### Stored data
────────

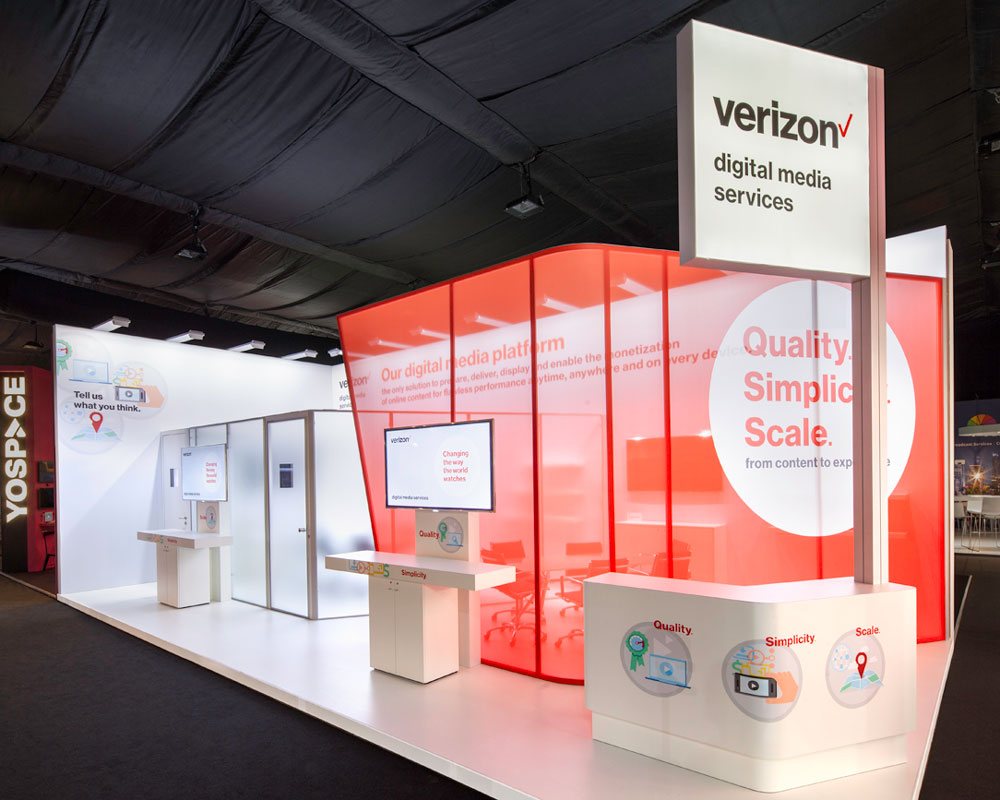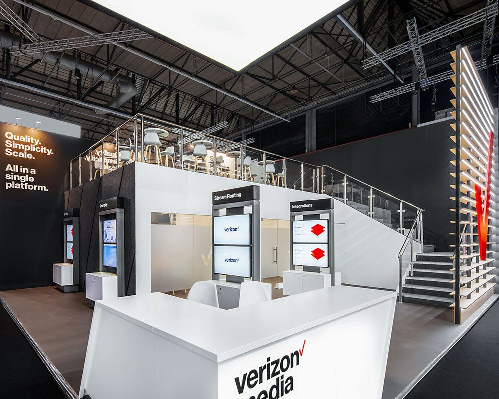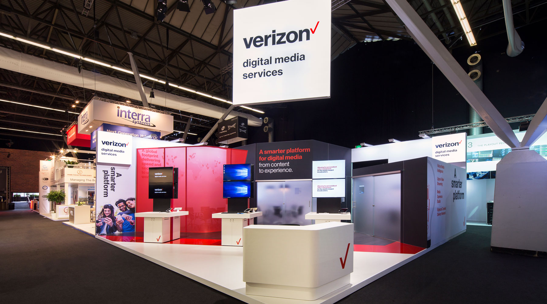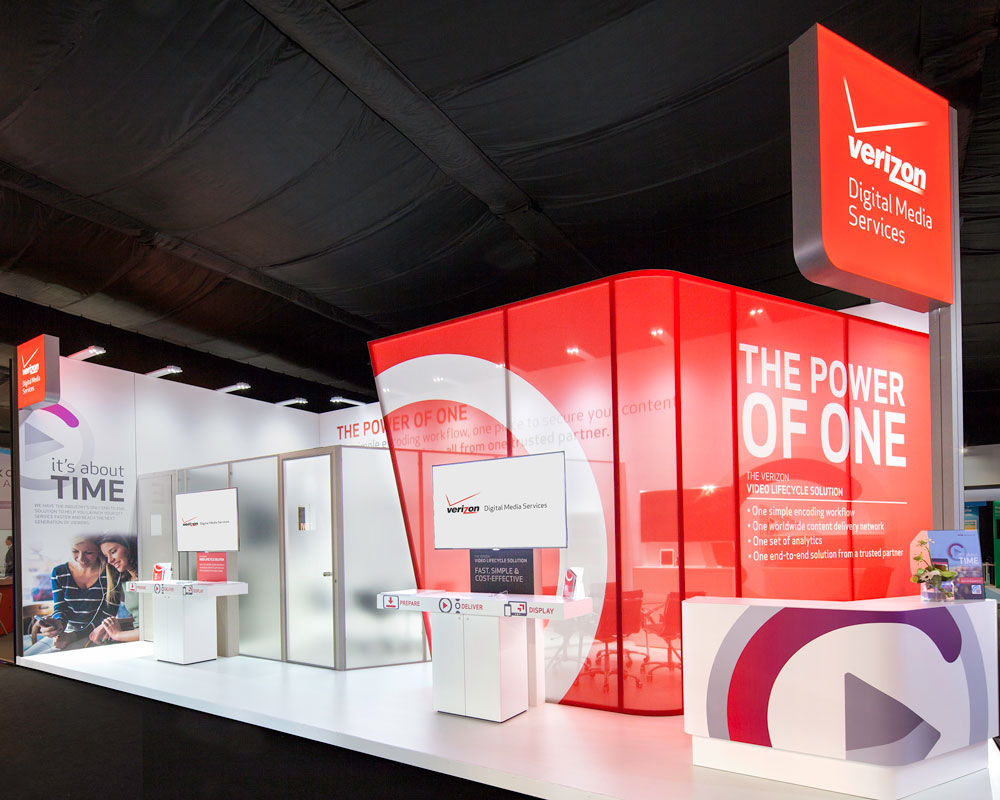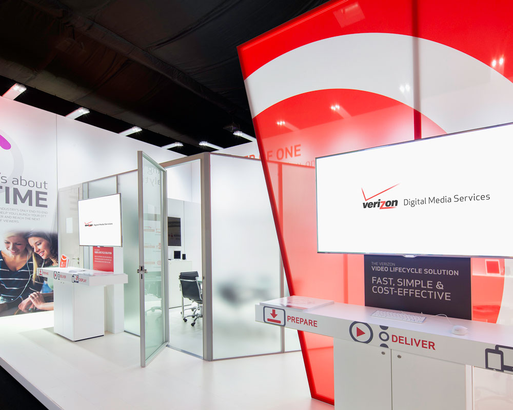 For IBC 2017, Verizon dramatically increased their booth size to 10m x 11m, meaning a new booth environment, design and components. Derse’s designer evaluated the custom components from previous years and incorporated rental properties into a new exhibit for debut. With Derse’s vast partners, we were able to obtain multiple quotes in various countries to find the most cost-efficient partner with regard to materials, labor, location and shipping.
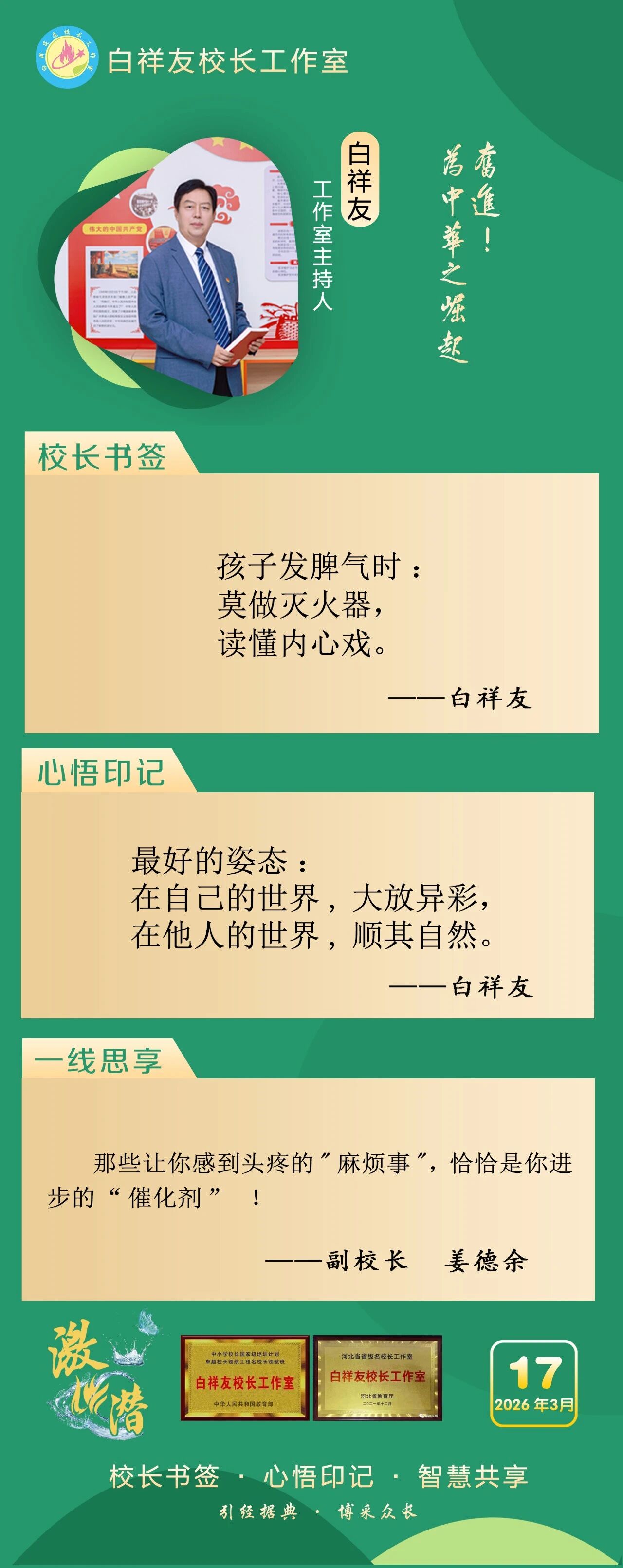 “白祥友校长工作室”成立于2019年4月,是教育部“国培计划”中小学名校长领航工程、河北省首批名校长工作室,目前省内外成员校59所。工作室坚持“资源共享、智慧共融、互助共赢”理念,已成为思想碰撞的交流场,资源共享的品牌站,成果展示的辐射源。
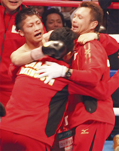 レフェリーが試合を止め、王座奪取が決まった瞬間、井上選手は喜びを爆発させ、リングに倒れ込んだ。トレーナーの父・真吾さん、同ジムの大橋秀行会長、松本好二チーフトレーナーらと抱き合う。真吾さんに担がれると、サポーターがいる観客席へガッツポーズ。普段冷静な井上選手が感情をむき出しに喜んだ。それだけ大きな一戦だった。
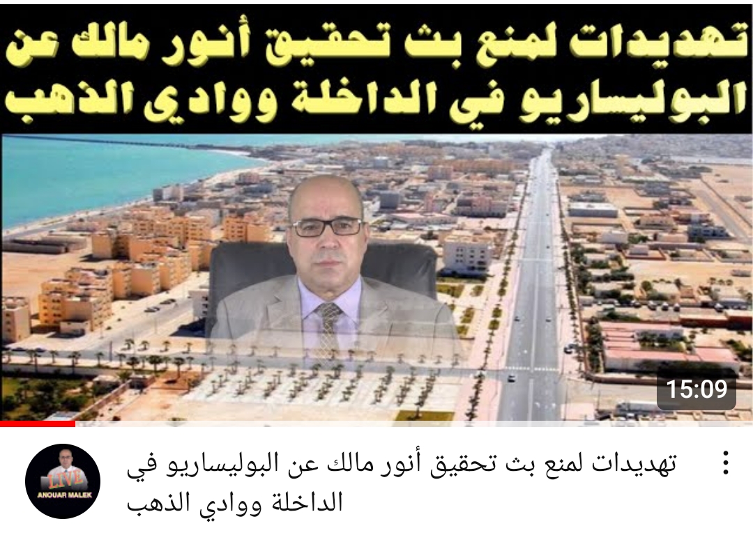 ورغم ان الإعلامي  انور مالك، كان مرحب به في سنوات ماضية من قبل عصابة البوليساريو في عهد عبد العزيز المراكشي، لما قال انه هناك بعض ” الانفصاليين” يعيشون في الصحراء المغربية، لكن اليوم يظهر ان هناك من يريد عرقلة نشر تحقيقات توصل اليها الإعلامي أنور مالك، في مدينة الداخلة، وهو تحقيق قد يكون صادم لميلشيات البوليساريو وداعميها من حكم النظام العسكري الجزائري.
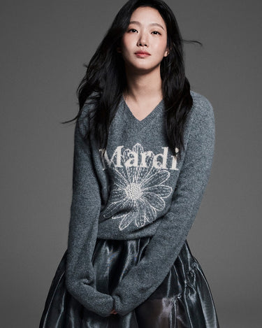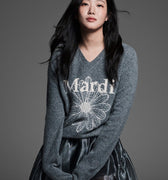 RACCOON BLENDED V NECK FLOWERMARDI_GREY IVORY
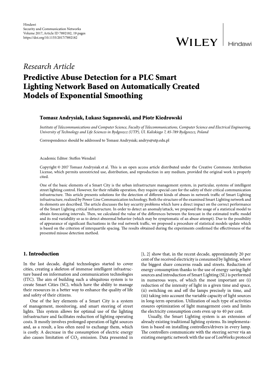 基于指数平滑模型的PLC智能照明网络预测滥用检测
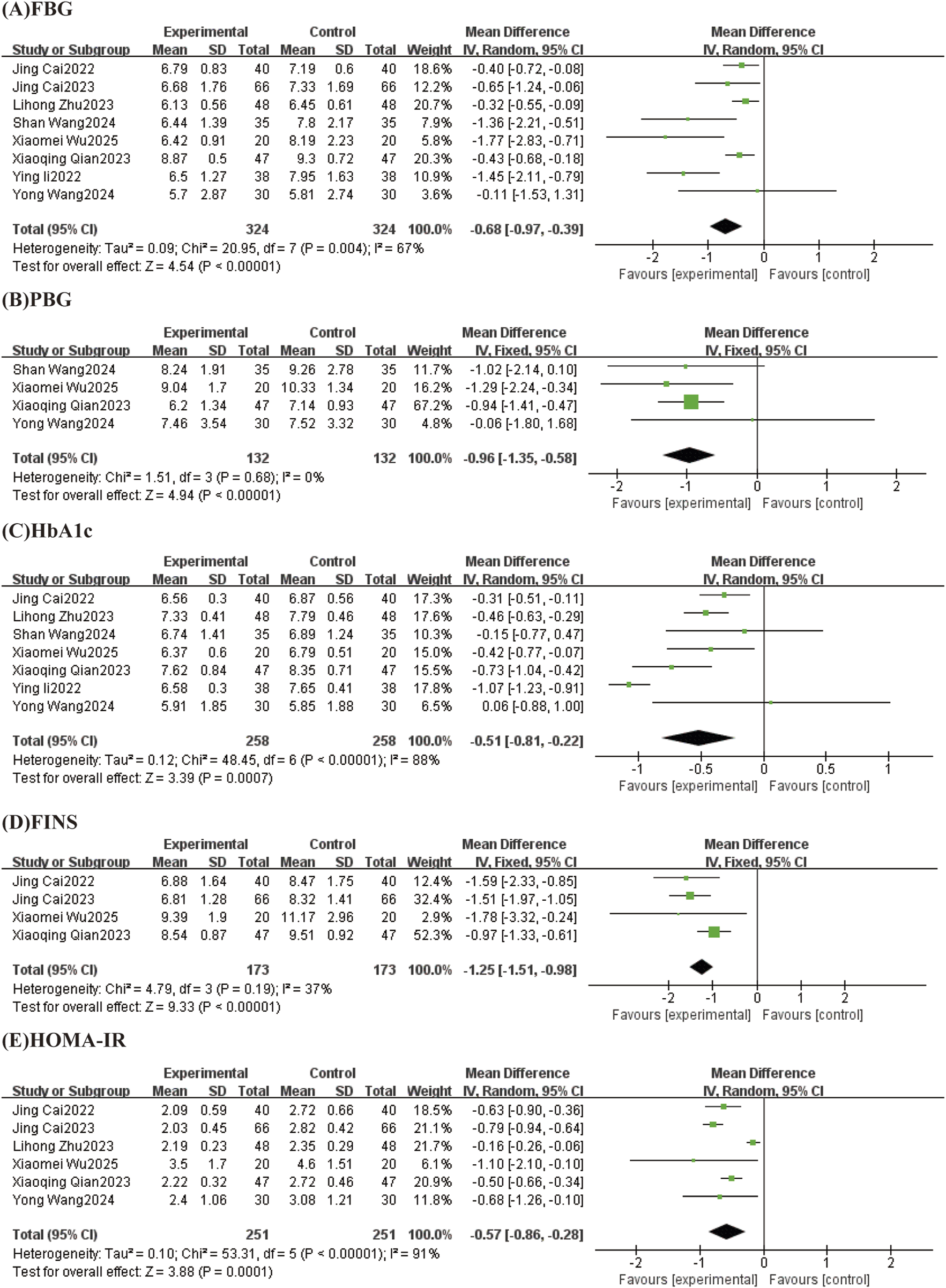 | HOMA-IR | Zhu, 2023 | Random-effects model | −0.57 [−0.86, −0.28] | Fixed-effects model | −0.66 [−0.76, −0.56] |
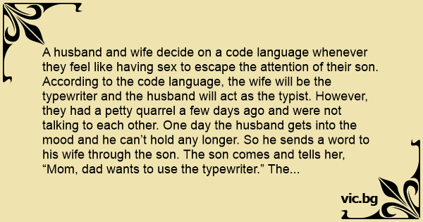 A husband and wife decide on a code language whenever they feel like having sеx to escape the attention of their son. According to the code language, the wife will be the typewriter and the husband will act as the typist. However, they had a petty quarrel a few days ago and were not talking to each other. One day the husband gets into the mood and he can’t hold any longer. So he sends a word to his wife through the son. The son comes and tells her, “Mom, dad wants to use the typewriter.” The wife was having her period at that time and she thought for a while and said, “Tell dad, he can’t because the red ribbon is on now,” she said. However, the husband misunderstands that it was a deliberate excuse on her part. Next day the son comes to his dad on an errand from his mom this time and tells him, “Dad, mom said it is okay now; the red ribbon is removed and you can type.” The husband then tells his son, “Tell your mom I don’t need to type now. It was urgent, so I've already written with my hand!”
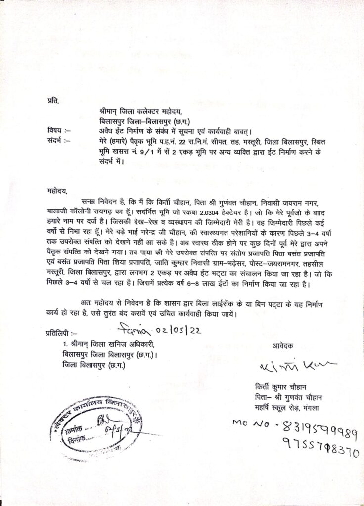 बिलासपुर। जमीन पर बेजा कब्जा करके अवैध तरीके से किये जा रहे निर्माण को तत्काल रोकने के निर्देश अतिरिक्त तहसीलदार ने दिये है।इसके बाद भी अवैध तरीके से जयरामनगर स्थित भनेसर की जमीन पर निर्माण कार्य किया जा रहा है।जिसकी शिकायत पीड़ित ने फिर से की हैं।यहाँ तक सरकारी जमीन पर ईंट भट्ठा भी बनाकर अवैध कारोबार किया जा रहा है।
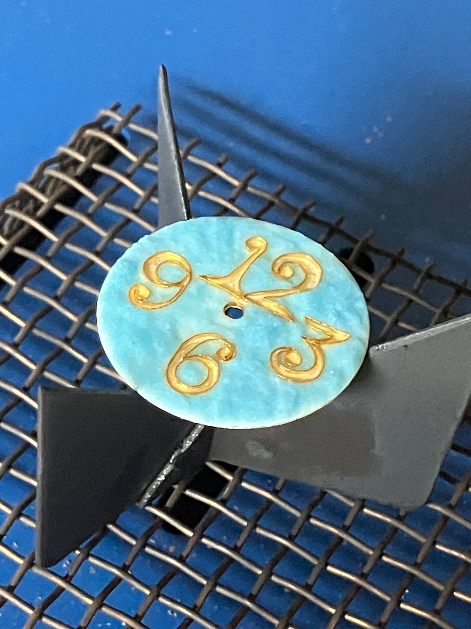 This dial was inspired by a trip to the Metropolitan Museum of Art in New York City. The font for the numbers was inspired by Charles Demuth's I Saw the Figure 5 in Gold. I was impressed by how the number dominated the work of art and the Art Deco font. I sat down and sketched this dial with excessively large numbers immediately. The dial is handcrafted with .999 Fine Silver and 24K gold wire using traditional cloisonné techniques. The wires which outline the cells for the enamel are hand bent and attached to the dial. Each cell is filled with vitreous (grand feu) enamel from Japan and fired multiple times in the kiln at about 1400 degrees Fahrenheit.
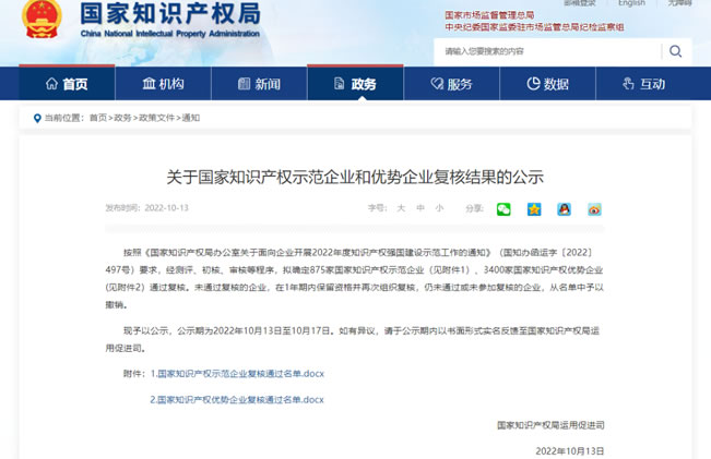 近日,國家知識產(chǎn)權(quán)局公布2022年度國家知識產(chǎn)權(quán)示范企業(yè)復核通過名單。
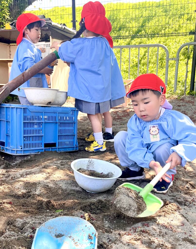 月曜日は交通安全の日。バスの乗り方、降り方、駐車場からの歩き方などを職員の劇から学びました。外遊びには絶好のお天気。園庭では、カラーキャップが入り混じって遊ぶ様子が見られました。

────────

Give each record above back word for word, but carry over none of the pictures.

### WRITTEN SOLUTION
 For IBC 2017, Verizon dramatically increased their booth size to 10m x 11m, meaning a new booth environment, design and components. Derse’s designer evaluated the custom components from previous years and incorporated rental properties into a new exhibit for debut. With Derse’s vast partners, we were able to obtain multiple quotes in various countries to find the most cost-efficient partner with regard to materials, labor, location and shipping.
 “白祥友校长工作室”成立于2019年4月,是教育部“国培计划”中小学名校长领航工程、河北省首批名校长工作室,目前省内外成员校59所。工作室坚持“资源共享、智慧共融、互助共赢”理念,已成为思想碰撞的交流场,资源共享的品牌站,成果展示的辐射源。
 レフェリーが試合を止め、王座奪取が決まった瞬間、井上選手は喜びを爆発させ、リングに倒れ込んだ。トレーナーの父・真吾さん、同ジムの大橋秀行会長、松本好二チーフトレーナーらと抱き合う。真吾さんに担がれると、サポーターがいる観客席へガッツポーズ。普段冷静な井上選手が感情をむき出しに喜んだ。それだけ大きな一戦だった。
 ورغم ان الإعلامي  انور مالك، كان مرحب به في سنوات ماضية من قبل عصابة البوليساريو في عهد عبد العزيز المراكشي، لما قال انه هناك بعض ” الانفصاليين” يعيشون في الصحراء المغربية، لكن اليوم يظهر ان هناك من يريد عرقلة نشر تحقيقات توصل اليها الإعلامي أنور مالك، في مدينة الداخلة، وهو تحقيق قد يكون صادم لميلشيات البوليساريو وداعميها من حكم النظام العسكري الجزائري.
 RACCOON BLENDED V NECK FLOWERMARDI_GREY IVORY
 基于指数平滑模型的PLC智能照明网络预测滥用检测
 | HOMA-IR | Zhu, 2023 | Random-effects model | −0.57 [−0.86, −0.28] | Fixed-effects model | −0.66 [−0.76, −0.56] |
 A husband and wife decide on a code language whenever they feel like having sеx to escape the attention of their son. According to the code language, the wife will be the typewriter and the husband will act as the typist. However, they had a petty quarrel a few days ago and were not talking to each other. One day the husband gets into the mood and he can’t hold any longer. So he sends a word to his wife through the son. The son comes and tells her, “Mom, dad wants to use the typewriter.” The wife was having her period at that time and she thought for a while and said, “Tell dad, he can’t because the red ribbon is on now,” she said. However, the husband misunderstands that it was a deliberate excuse on her part. Next day the son comes to his dad on an errand from his mom this time and tells him, “Dad, mom said it is okay now; the red ribbon is removed and you can type.” The husband then tells his son, “Tell your mom I don’t need to type now. It was urgent, so I've already written with my hand!”
 बिलासपुर। जमीन पर बेजा कब्जा करके अवैध तरीके से किये जा रहे निर्माण को तत्काल रोकने के निर्देश अतिरिक्त तहसीलदार ने दिये है।इसके बाद भी अवैध तरीके से जयरामनगर स्थित भनेसर की जमीन पर निर्माण कार्य किया जा रहा है।जिसकी शिकायत पीड़ित ने फिर से की हैं।यहाँ तक सरकारी जमीन पर ईंट भट्ठा भी बनाकर अवैध कारोबार किया जा रहा है।
 This dial was inspired by a trip to the Metropolitan Museum of Art in New York City. The font for the numbers was inspired by Charles Demuth's I Saw the Figure 5 in Gold. I was impressed by how the number dominated the work of art and the Art Deco font. I sat down and sketched this dial with excessively large numbers immediately. The dial is handcrafted with .999 Fine Silver and 24K gold wire using traditional cloisonné techniques. The wires which outline the cells for the enamel are hand bent and attached to the dial. Each cell is filled with vitreous (grand feu) enamel from Japan and fired multiple times in the kiln at about 1400 degrees Fahrenheit.
 近日,國家知識產(chǎn)權(quán)局公布2022年度國家知識產(chǎn)權(quán)示范企業(yè)復核通過名單。
 月曜日は交通安全の日。バスの乗り方、降り方、駐車場からの歩き方などを職員の劇から学びました。外遊びには絶好のお天気。園庭では、カラーキャップが入り混じって遊ぶ様子が見られました。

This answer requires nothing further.